> **What to work on**
In the listing that follows, the range to quote begins at the line that has "Men’s Ready-to-wear Bomber" and ends after the line that has "قبضت الدوريات البرية"; quote it verbatim and add nothing.

> **Exercise data**

== Segment start ==

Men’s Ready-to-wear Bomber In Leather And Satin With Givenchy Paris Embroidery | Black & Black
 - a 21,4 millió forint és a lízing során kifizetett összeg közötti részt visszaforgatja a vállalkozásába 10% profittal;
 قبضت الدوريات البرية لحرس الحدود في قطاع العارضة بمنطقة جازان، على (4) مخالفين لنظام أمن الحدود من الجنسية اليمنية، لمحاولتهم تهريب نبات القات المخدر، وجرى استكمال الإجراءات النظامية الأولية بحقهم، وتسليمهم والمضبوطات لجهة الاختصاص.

== Segment end ==
== Segment start ==

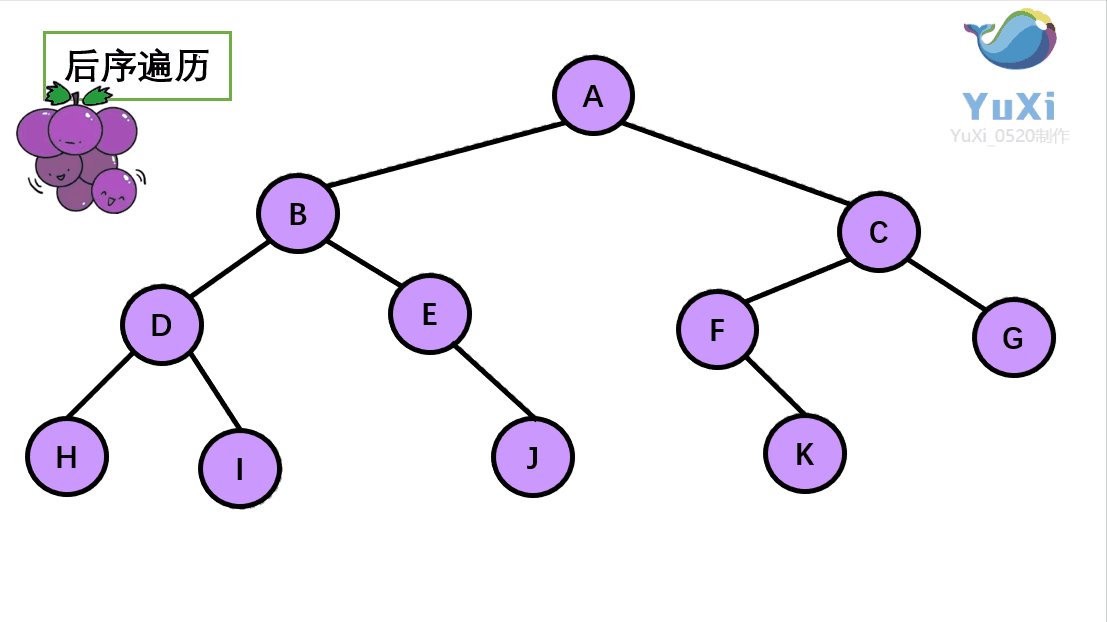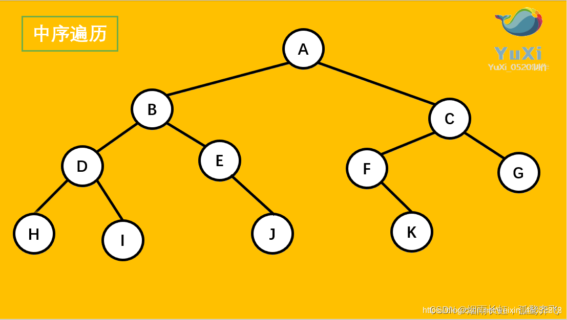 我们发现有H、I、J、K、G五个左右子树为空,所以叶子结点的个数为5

== Segment end ==
== Segment start ==

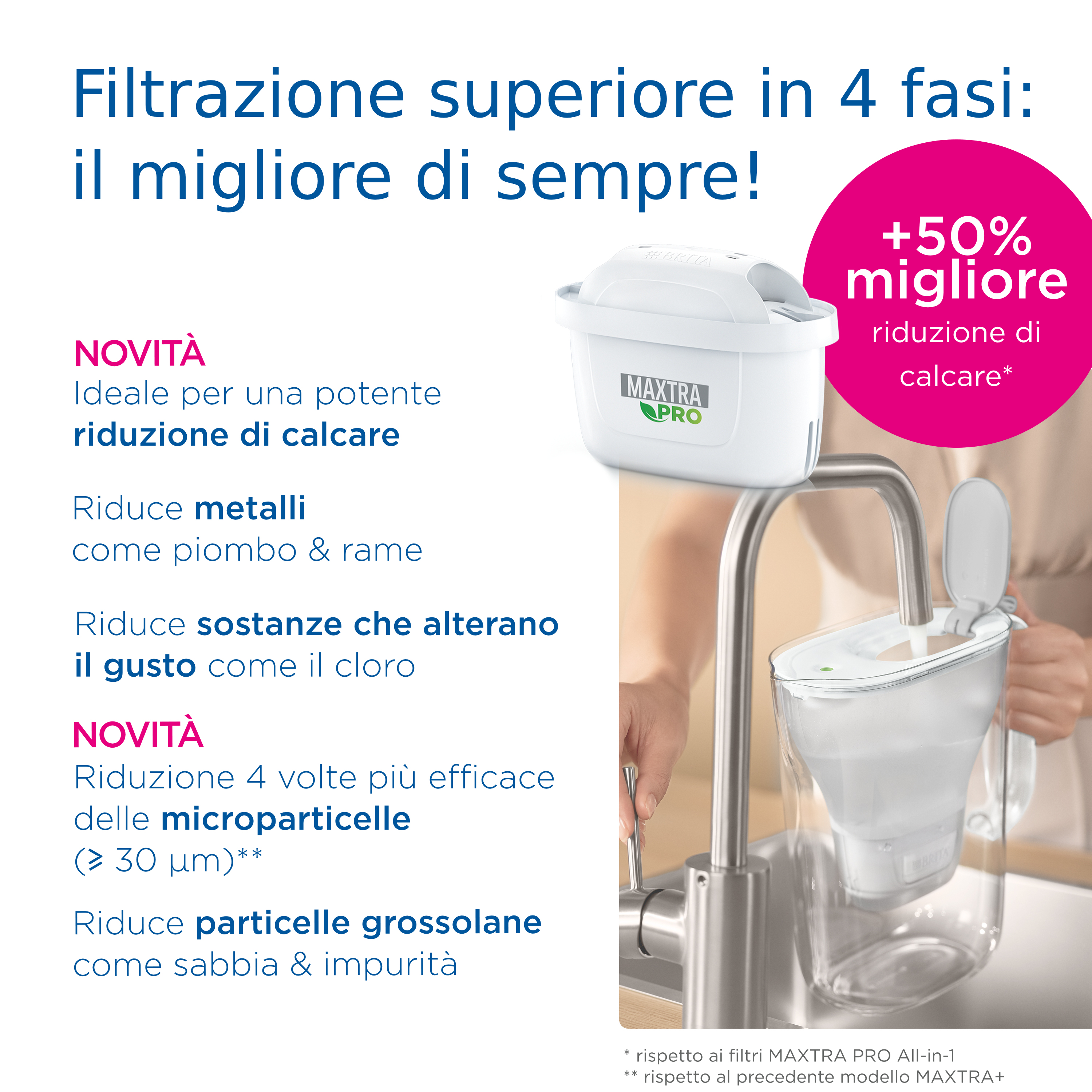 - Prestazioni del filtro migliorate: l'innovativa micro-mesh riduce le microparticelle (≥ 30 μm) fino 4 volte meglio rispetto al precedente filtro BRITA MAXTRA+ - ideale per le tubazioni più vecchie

== Segment end ==

> **Exercise result**
Men’s Ready-to-wear Bomber In Leather And Satin With Givenchy Paris Embroidery | Black & Black
 - a 21,4 millió forint és a lízing során kifizetett összeg közötti részt visszaforgatja a vállalkozásába 10% profittal;
 قبضت الدوريات البرية لحرس الحدود في قطاع العارضة بمنطقة جازان، على (4) مخالفين لنظام أمن الحدود من الجنسية اليمنية، لمحاولتهم تهريب نبات القات المخدر، وجرى استكمال الإجراءات النظامية الأولية بحقهم، وتسليمهم والمضبوطات لجهة الاختصاص.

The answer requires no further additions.